Discover G Stack, the AI engineering framework transforming Claude Code into a development powerhouse. Learn Garry Tan's agent-based workflow that codes fast...
Claude Code AI: How Garry Tan Built the Ultimate Agent Software Stack
Key Takeaways
- G Stack revolutionizes AI-assisted coding by implementing a team-based approach with specialized skills and roles, mirroring real development teams
- The agent era demands proper scaffolding, not raw model intelligence—thin harness, fat skills is the winning strategy
- Office Hours skill replicates YC's proven methodology, using forcing questions to validate ideas before building
- Browser automation and adversarial review catch critical issues early, improving quality from 6/10 to 8/10 automatically
- Parallel processing enables 10-15 concurrent projects, with 80-90% time spent on planning and review rather than raw coding
- The barrier to building software has collapsed—the only question remaining is what you'll create
The Agent Era: Why Traditional Coding is Obsolete
We've entered a completely new era of software development. Garry Tan, President and CEO of Y Combinator, spent a decade as a full-time engineer at Palantir, co-founded Posterous (acquired by Twitter), and built YC's internal knowledge platform Bookface. His credentials are unquestionable. And his assertion is radical: the way to build with AI agents mirrors how humans always built—as teams, with roles, with process, with review.

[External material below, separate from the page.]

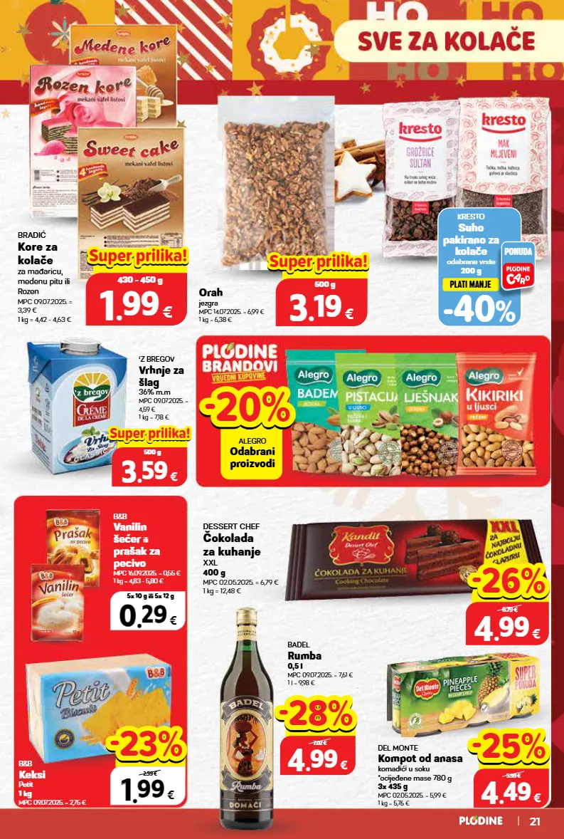 lago piškote savoiardi mpc 02.05.2025. = 1,75 € 1 kg = 4,13 € dan cake biskvitna podloga za tortu čokolada ili vanilija mpc 02.05.2025. = 2,99 € 1 kg = 5,73 € kraš čokolada ili kakao u prahu mpc 09.07.2025. = 3,19 € marjan voće indijski orah pečeni slani mpc 28.11.2025. = 6,09 € 1 kg = 13,96 € marjan voće brusnica suha mpc 22.07.2025. = 5,09 € 1 kg = 7,48 € marjan voće badem jezgra mpc 16.06.2025. = 6,69 € 1 kg = 7,58 € marjan voće energy ili student mix mpc 28.07.2025. = 6,19 € 1 kg = 6,98 € samo u plodinama 0% 0% 0.00 € top cijena! već od hit cijena! 1 1 . . 65 65 € 400 g super prilika! super prilika! samo u plodinama 0% 0% 0.00 € top cijena! već od hit cijena! 2 2 . . 29 29 € 400 g super prilika! super prilika! top cijena! već od hit cijena! 1 1 . . 79 79 € 100 g već od već od 22 podravka pekmez od šljiva 660 g mpc 09.07.2025. = 4,89 € 1 kg = 5,44 € dolcela mješavina za kolače odabrane vrste mpc 09.07.2025. = 3,99 € top cijena! 1 1 . . 99 99 € 230 - 407 g već od već od -30% -30% lotus keksi ili namaz odabrani proizvodi 250 - 400 g dr.oetker puding vanilija ili čokolada 3+1 mpc 09.07.2025. = 2,55 € 1 kg = 6,58 - 11,73 € samo u plodinama 0% 0% 0.00 € top cijena! već od hit cijena! 1 1 . . 29 29 € 152 - 196 g super prilika! super prilika! samo u plodinama 0% 0% 0.00 € top cijena! već od hit cijena! 3 3 . . 49 49 € 500 g super prilika! super prilika! samo u plodinama 0% 0% 0.00 € top cijena! već od hit cijena! 3 3 . . 79 79 € 500 g super prilika! super prilika! samo u plodinama 0% 0% 0.00 € top cijena! već od hit cijena! 3 3 . . 49 49 € 250 g super prilika! super prilika! samo u plodinama 0% 0% 0.00 € top cijena! već od hit cijena! 2 2 . . 99 99 € 400 g super prilika! super prilika! top cijena! već od hit cijena! super prilika! 3 3 . . 59 59 € 660 g samo u plodinama 4.69 € -23% -23%

The catalyst came when Tan heard legends like Andrej Karpathy and Boris Cherny admit they'd stopped writing code manually. He started experimenting with Claude Code in January and became "completely hooked." In just two months, he coded more than he did in all of 2013, the last year he worked intensively as an engineer. The result? He essentially rebuilt Posterous—a platform that originally took two years, a co-founder, and ten engineers—largely through Claude Code sessions.
But here's the critical insight: raw model intelligence isn't the bottleneck. Out of the box, Claude produces plausible-looking code that silently breaks because the model "wanders" without understanding your specific data, architecture, and context. It guesses at scale. This is where most AI coding efforts fail. The solution isn't a smarter model; it's better scaffolding.
G Stack: Thin Harness, Fat Skills Framework
Three weeks after identifying the problem, Tan built G Stack—an open-source repository that transforms Claude Code into a legitimate AI engineering team. The result shocked everyone: it gained more GitHub stars than Ruby on Rails in weeks. This isn't because G Stack is flashy. It's because it works.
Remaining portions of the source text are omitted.